On Sun, Dec 06, 2020, Paolo Bonzini wrote:
> On 03/12/20 01:34, Sean Christopherson wrote:
> > On Tue, Dec 01, 2020, Ashish Kalra wrote:
> > > From: Brijesh Singh <brijesh.singh@xxxxxxx>
> > >
> > > KVM hypercall framework relies on alternative framework to patch the
> > > VMCALL -> VMMCALL on AMD platform. If a hypercall is made before
> > > apply_alternative() is called then it defaults to VMCALL. The approach
> > > works fine on non SEV guest. A VMCALL would causes #UD, and hypervisor
> > > will be able to decode the instruction and do the right things.

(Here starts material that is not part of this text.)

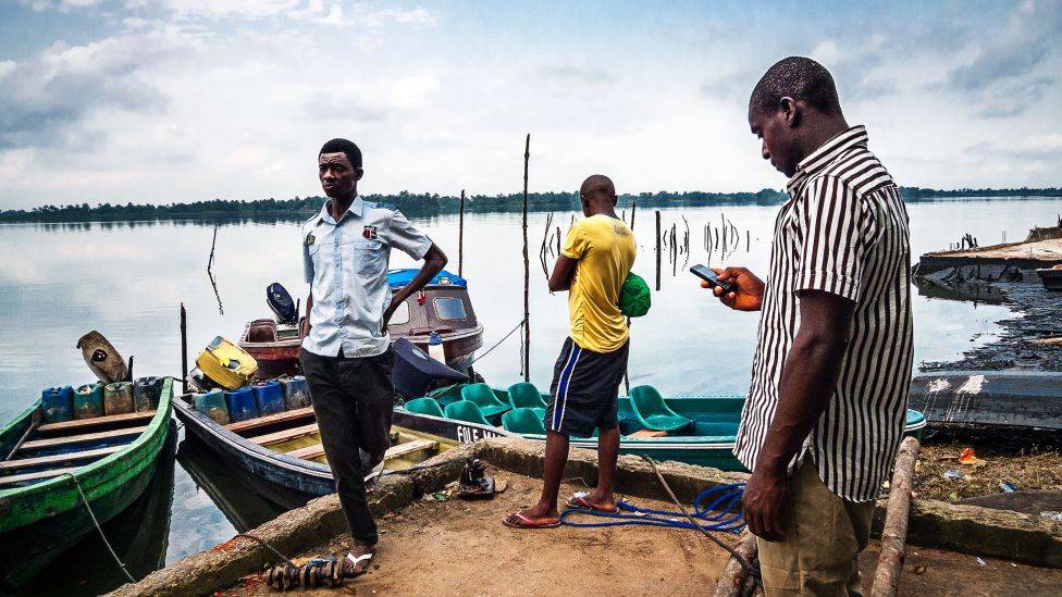 Etter noen runder med harde prisforhandlinger kjører vi utover på elven i en leid speedbåt. Båteieren, Saint Emmah Pee, sitter på toften og speider utover det stille elvevannet der store oljefalk ligger som regnbuefargede minnesmerker over gamle og nye miljøsynder. Lukten av tungolje følger oss over alt. Den lille sightseeingturen bringer oss forbi gamle oljeinstallasjoner som stikker opp av vannet. Ingen har tatt seg bryet med å fjerne de forvridde og delvis istykkerrustede metallkonstruksjonene. I en vik treffer vi Zemano og Grace. De to fiskerkvinnene er ute og prøver å finne skjell.

But
> > > when SEV is active, guest memory is encrypted with guest key and
> > > hypervisor will not be able to decode the instruction bytes.
> > >
> > > Add SEV specific hypercall3, it unconditionally uses VMMCALL. The hypercall
> > > will be used by the SEV guest to notify encrypted pages to the hypervisor.
> >
> > What if we invert KVM_HYPERCALL and X86_FEATURE_VMMCALL to default to VMMCALL
> > and opt into VMCALL? It's a synthetic feature flag either way, and I don't
> > think there are any existing KVM hypercalls that happen before alternatives are
> > patched, i.e. it'll be a nop for sane kernel builds.
> >
> > I'm also skeptical that a KVM specific hypercall is the right approach for the
> > encryption behavior, but I'll take that up in the patches later in the series.
>
> Do you think that it's the guest that should "donate" memory for the bitmap
> instead?

No. Two things I'd like to explore:

1. Making the hypercall to announce/request private vs. shared common across
hypervisors (KVM, Hyper-V, VMware, etc...) and technologies (SEV-* and TDX).

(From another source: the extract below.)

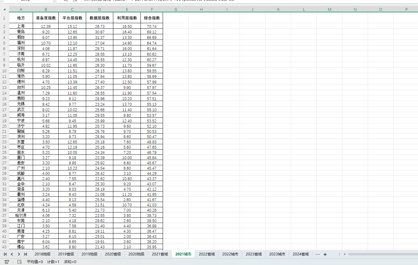 数据简介: “数林指数”是由复旦大学数字与移动治理实验室、复旦大学国家信息中心数字中国研院联合发布的科研指数,属于国家社科基金重大项目。该指数自 2017 年起定期评测地方公共数据开放利用水平,2024 年调整评估方法,坚守公共数据开放 “基本面”、将 “准备度” 更名 “保障层”、强化服务实效与数据质量、聚焦利用真成果。该指数将城市分为五档 “开放数级”,杭州、济南为 “五棵数”(杭州领跑保障 / 服务 / 数据层,济南领跑利用层),德州、温州等为 “四棵数”;“数林匹克” 指数显示杭州四年累计分值最高。整体而言,数林指数既可以用来量化各地开放差距、引导地方优化数据供给与服务,又可以用来推动开放数据服务民生(如停车导航、无障碍服务)与数字经济,助力构建 “开放数林” 生态,是研究公开数据平台建设质量的绝佳衡量工具,因此收集整理了2017年-2024年各地的数林指数分享给大家。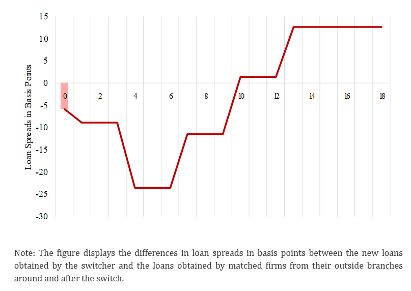 These initial pricing benefits do not remain static, as shown in Figure 1. The spread discount deepens by an additional 18 basis points over the first two quarters following the switch, indicating that outside branches engage in particularly aggressive pricing during the early phase of the new relationship. Such introductory discounts are consistent with branch-level incentives to expand client portfolios and demonstrate competitive behavior even within the boundaries of a single banking institution. Yet these advantages gradually dissipate. Within about a year, switching firms’ loan spreads converge back to the average borrowing cost, and eventually even rise above it. This rise-and-revert cycle indicates that once the outside branch develops sufficient borrower-specific knowledge, it leverages this informational advantage to extract rents, effectively becoming a new incumbent. Such dynamics imply that soft information does not flow seamlessly across branches. Instead, intra-bank organizational frictions meaningfully constrain information transmission, causing each branch to rebuild its own information set and adjust prices accordingly. These dynamics reinforce the broader conclusion that, even within a single bank, loan pricing is shaped by localized incentives, limited internal coordination, and incomplete sharing of relationship-specific information, leading to intra-bank hold-up.

I'm concerned that we'll end up with multiple hypercalls that do more or
less the same thing, e.g. KVM+SEV, Hyper-V+SEV, TDX, etc... Maybe it's a
pipe dream, but I'd like to at least explore options before shoving in KVM-
only hypercalls.

2. Tracking shared memory via a list of ranges instead of a using bitmap to
track all of guest memory. For most use cases, the vast majority of guest
memory will be private, most ranges will be 2mb+, and conversions between
private and shared will be uncommon events, i.e. the overhead to walk and
split/merge list entries is hopefully not a big concern. I suspect a list
would consume far less memory, hopefully without impacting performance.